Шрифт:
Интервал:
Закладка:
Зачем летописец выразился с подобной усилительностью? Скорее всего, из-за своеобразного политического раздражения. Он ведь рассказывал о походе русских князей на Новгород Великий, а с Новгородом и сопоставил Содом и Гоморру: «тако и сия люди новгородьскыя … злое неверьствие в нихъ вкоренилося кресть кь княземъ преступати и князе внукы и правнукы обеществовати и соромляти, а крестъ честныи к нимъ целовавъши, переступати. То доколе Господеви терпети?» – 561). Что вкоренилось, то и надо искоренить. Рассказом о новгородцах и было навеяно слово «искоренил» по поводу Содома и Гоморры. То есть областническая неприязнь повлияла на припоминание библейского эпизода летописцем.
Умонастроение летописца. Областнический настрой киевского летописца широко проявился во всем рассказе о походе русских князей на Новгород Великий. Ведь не только к новгородцам, но и к пошедшим на Новгород русским князьям (ростовским, суздальским, рязанским, муромским) киевский летописец тоже отнесся в общем отрицательно или, по крайней мере, скептически. Он отметил, что у пошедших на Новгород русских князей «толико бысть множьство и вои, яко и числа нетуть» (560). Летописец подчеркивал необычное множество воинов почти всегда только у вражеских войск – все предыдущее летописное повествование свидетельствует о том (приведем лишь один пример из очень многих: когда хвастливый черниговский князь Ярослав Святославович с венграми, поляками и чехами напал на Владимир, то, по словам летописца, «множьство вои бе с нимъ … не имеяше на Бога надежи, но надеяшеться на множьство вои» – 287, под 1123 г.).

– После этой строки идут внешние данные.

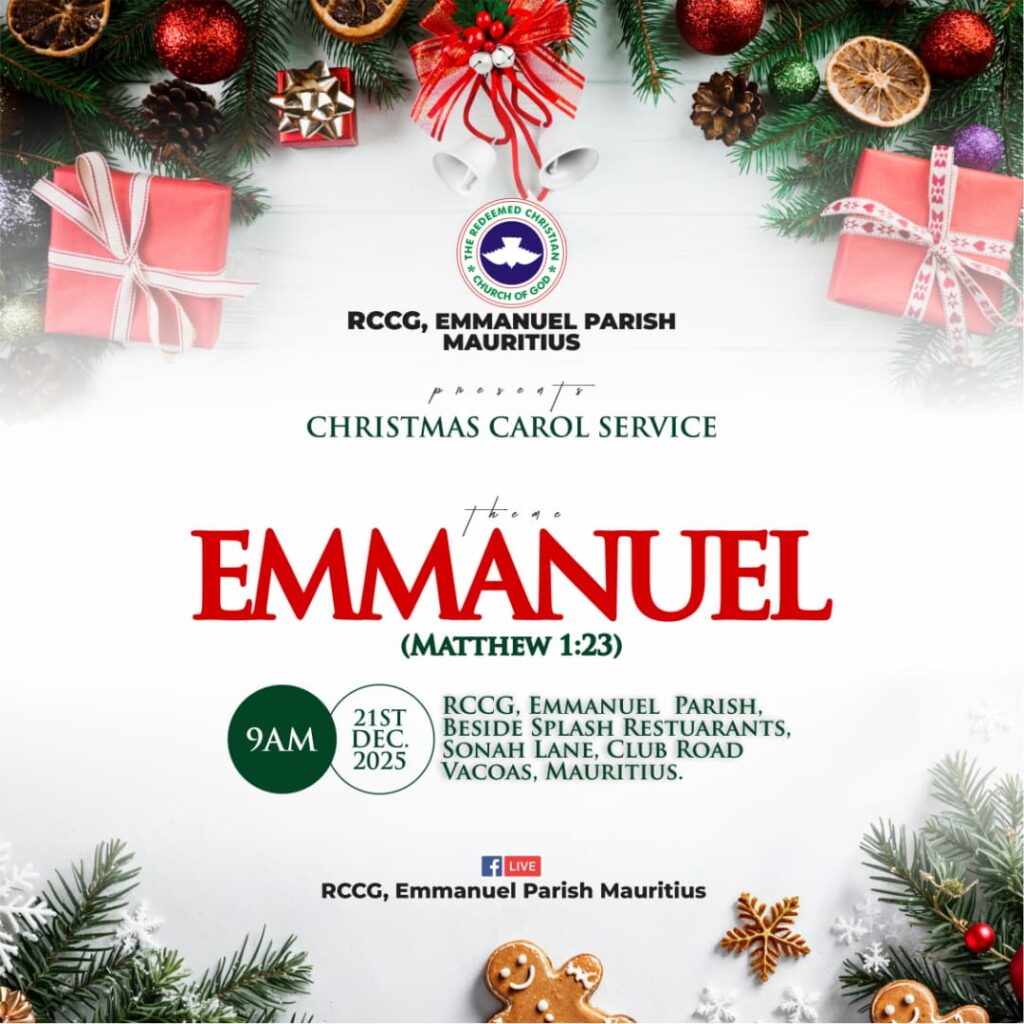 HOLYNET invites you to an impactful experience this coming Sunday service December 21st 2025 at the RCCG Emmanuel Parish Mauritius. This is a service you do not want to miss as it promises to cut a divine glory re-direction into your life once again like biblical time, but now in Mauritius.
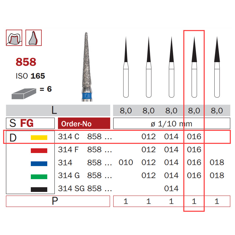 Diamond Bur, FG 016, X-Fine, Cone ISO #165
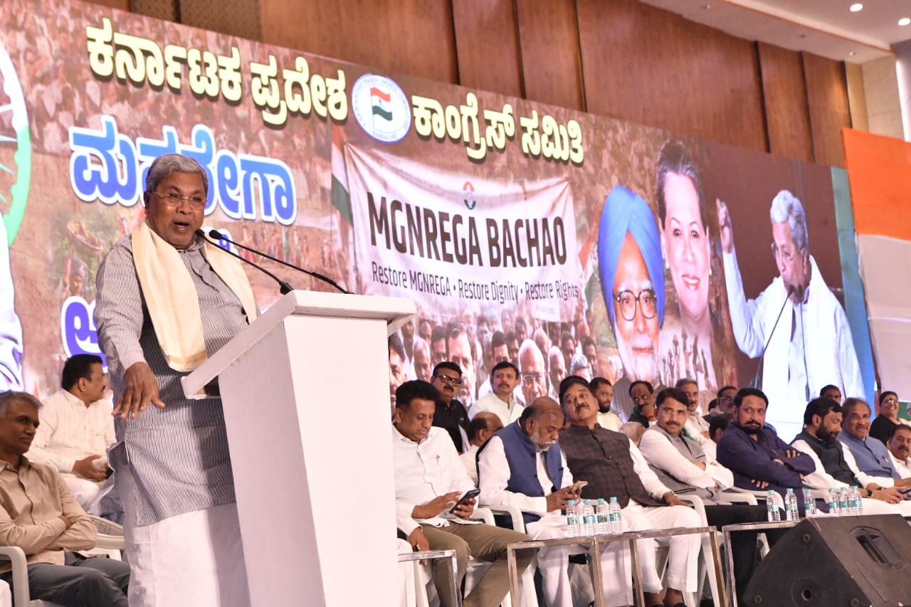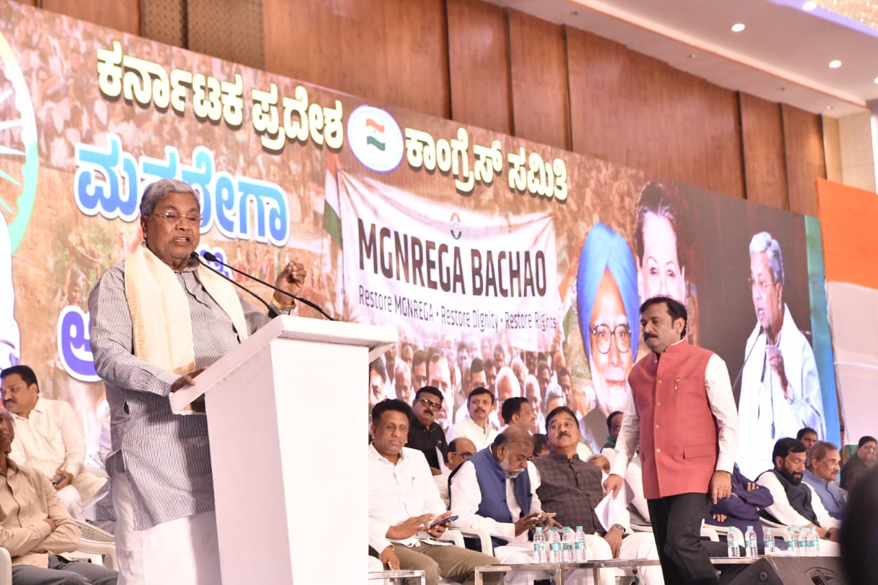 ಬೆಂಗಳೂರು(reporterkarnataka.com): ಕೆಪಿಸಿಸಿ ವತಿಯಿಂದ ಅರಮನೆ ಮೈದಾನದಲ್ಲಿ ಆಯೋಜಿಸಿದ್ದ ಮನರೇಗಾ ಬಚಾವ್ ಸಂಗ್ರಾಮ, ಬಿ.ಎಲ್.ಇ ಪಟ್ಟಿ ಮತ್ತು ಸ್ಥಳೀಯ ಸಂಸ್ಥೆಗಳ ಚುನಾವಣೆಯ ಪೂರ್ವಸಿದ್ದತಾ ಸಭೆಯಲ್ಲಿ ಮುಖ್ಯಮಂತ್ರಿ ಸಿದ್ದರಾಮಯ್ಯ ಅವರು ಮಾತನಾಡಿದರು.
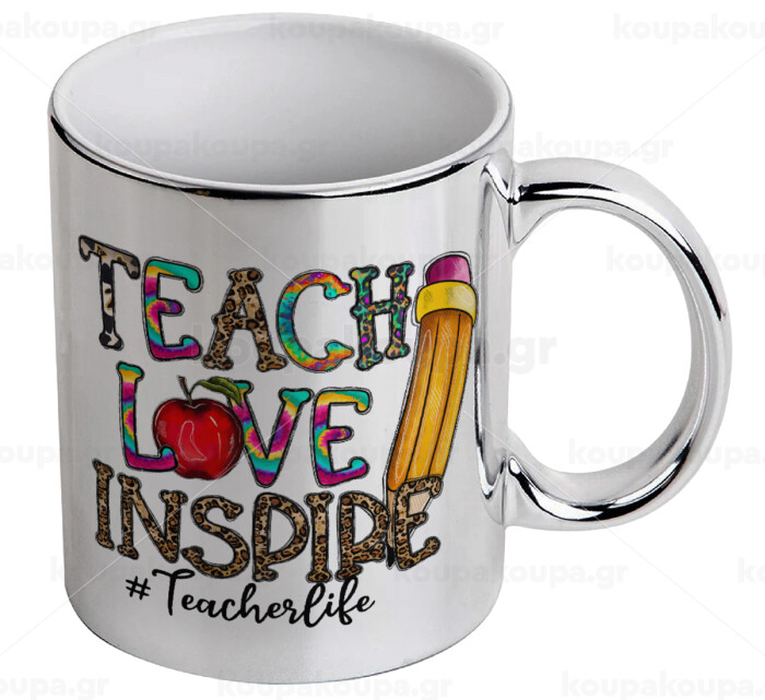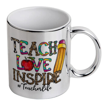 Teach, Love, Inspire, Κούπα κεραμική, ασημένια καθρέπτης, 330ml

Отрицательное отношение киевского летописца к князьям из других областей далее проявилось в рассматриваемом рассказе и в довольно едком замечании об их неудаче под Новгородом: «и не успеша ничто же городу ихъ и вьзворотишася опять вь свояси и одва домы своя доехаша пеши» (560). В летописи только к врагам относились эти постоянные и многочисленные замечания летописца о том, что «не успевше ничто же, воротишася въ свояси» (иногда с уничижительной добавкой: «и мнози пеши придоша» или «но толко сорома добыли» – 492, под 1158 г.; 433, под 1151 г.).
Однако степень экспрессивности выражений летописца не надо преувеличивать. Так, не об областнических антипатиях летописца, а о его официозности можно говорить на примере выражения «много зла створиша», в котором, казалось бы, должно было отражаться отрицательное отношение летописца к тем, кто сотворил зло, и жалость к тем, кто пострадал (вот пример перед рассказом о походе русских князей на Новгород Великий: половцы – «плохие», потому что «выездяче погании диции с вои, много зла творяху, овы избиваху, а ины руками имаху, яша бо тысячкого…, ины многи … Половци же воротишася опять, много створивше зла, люди повоеваша» и пр. – 549–550, под 1172 г.). Но в самом рассказе о походе русских князей на Новгород Великий выражение «много зла створиша» летописец применил к русским князьям, как бы уже жалея новгородцев: «пришедъше толко в землю ихъ, много зла створиша, села взяша и пожьгоша, и люди исекоша, а жены, и дети, имения взяша, и скоты поимаша» (560). В других случаях летописец применял выражение «много зла створиша» к явно положительным персонажам. Так, русские князья, воевавшие с половцами, говорили о себе с удовлетворением: «Се, братье, половцемъ есме много зла створили, веже ихъ поимали есмы, дети ихъ поимали есмы, и стада, и скотъ» (541, под 1170 г.) По-видимому, выражение «много зла створили» служило у летописца официальной формулой ущерба, приложимой к любым персонажам.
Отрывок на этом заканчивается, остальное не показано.